*** Opening of INFORMATION PROVIDED ***

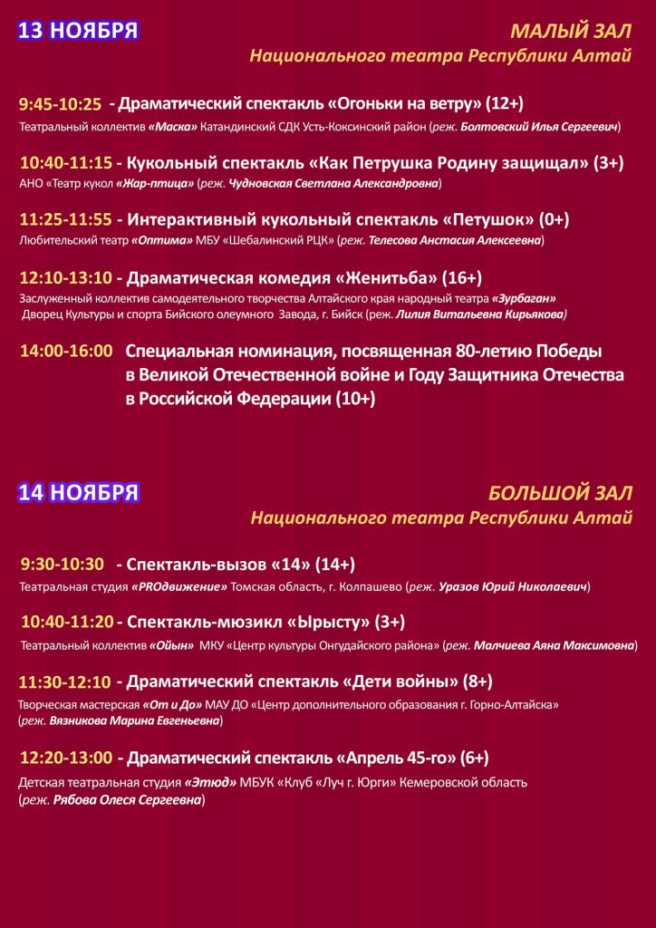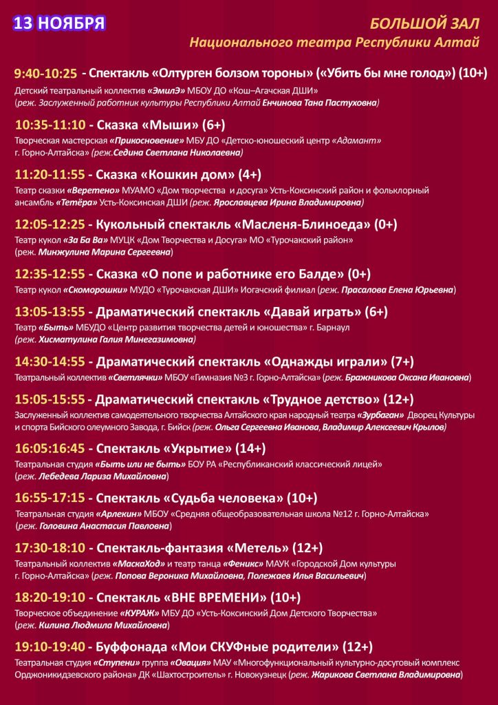 9:40-19:40 – конкурсная программа (Категория — от 5 до 13 лет, Категория —  от 14 до 22 лет) (Большой зал, Национальный театр Республики Алтай)
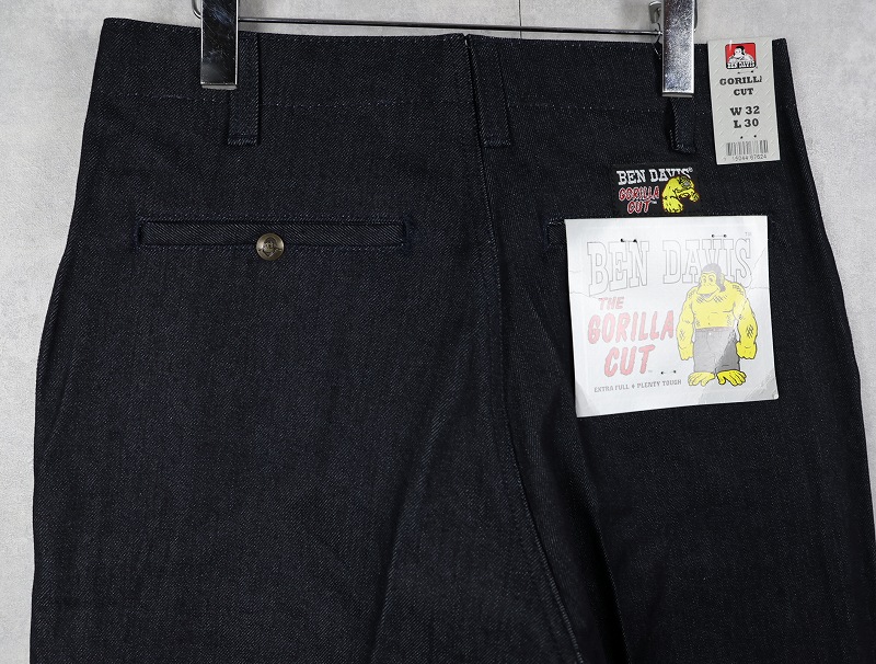 BEN DAVIS "THE GORILLA CUT" ゴリラカットデニムパンツ INDIGO DENIM フラッシャー付き未使用品 W32 L30 [162676]
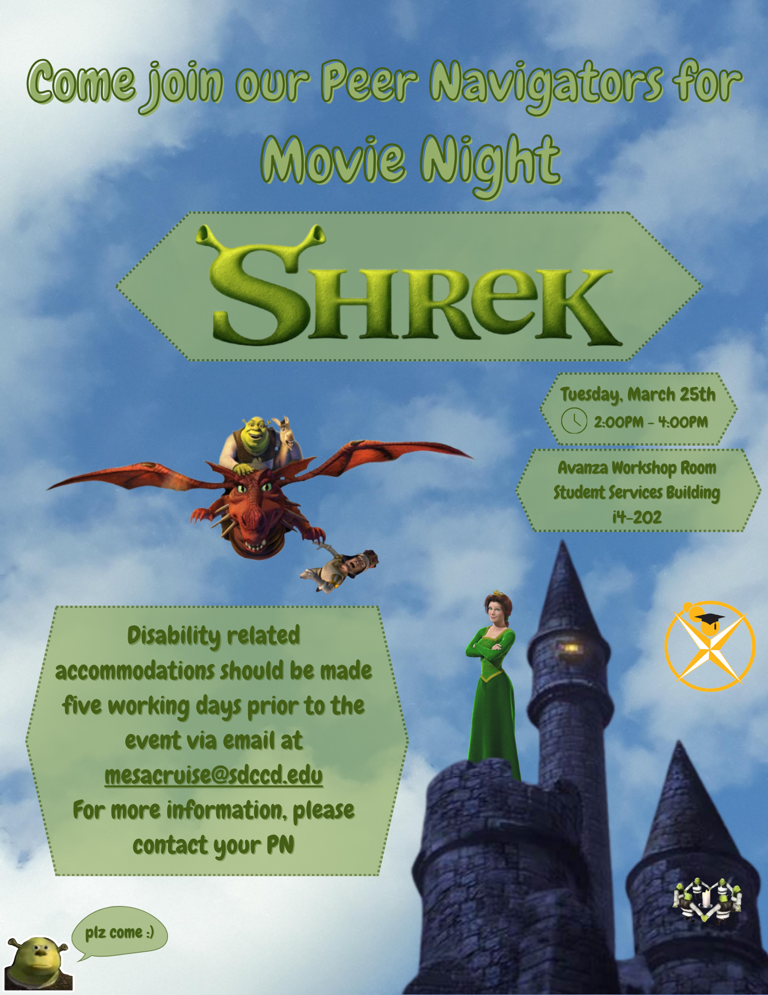 Come join our Peer Navigators for a Movie Night featuring Shrek!
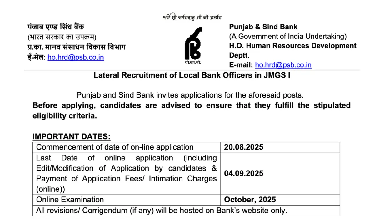 Punjab and Sind Bank is recruiting for 750 Local Bank Officer positions. Graduates are eligible to apply online. The application window is open from August 20, 2025, to September 4, 2025. 📋

*** Close of INFORMATION PROVIDED ***

_TASK TO CARRY OUT_
Line for line, restate the data above and omit every picture.

_TASK ANSWER_
 9:40-19:40 – конкурсная программа (Категория — от 5 до 13 лет, Категория —  от 14 до 22 лет) (Большой зал, Национальный театр Республики Алтай)
 BEN DAVIS "THE GORILLA CUT" ゴリラカットデニムパンツ INDIGO DENIM フラッシャー付き未使用品 W32 L30 [162676]
 Come join our Peer Navigators for a Movie Night featuring Shrek!
 Punjab and Sind Bank is recruiting for 750 Local Bank Officer positions. Graduates are eligible to apply online. The application window is open from August 20, 2025, to September 4, 2025. 📋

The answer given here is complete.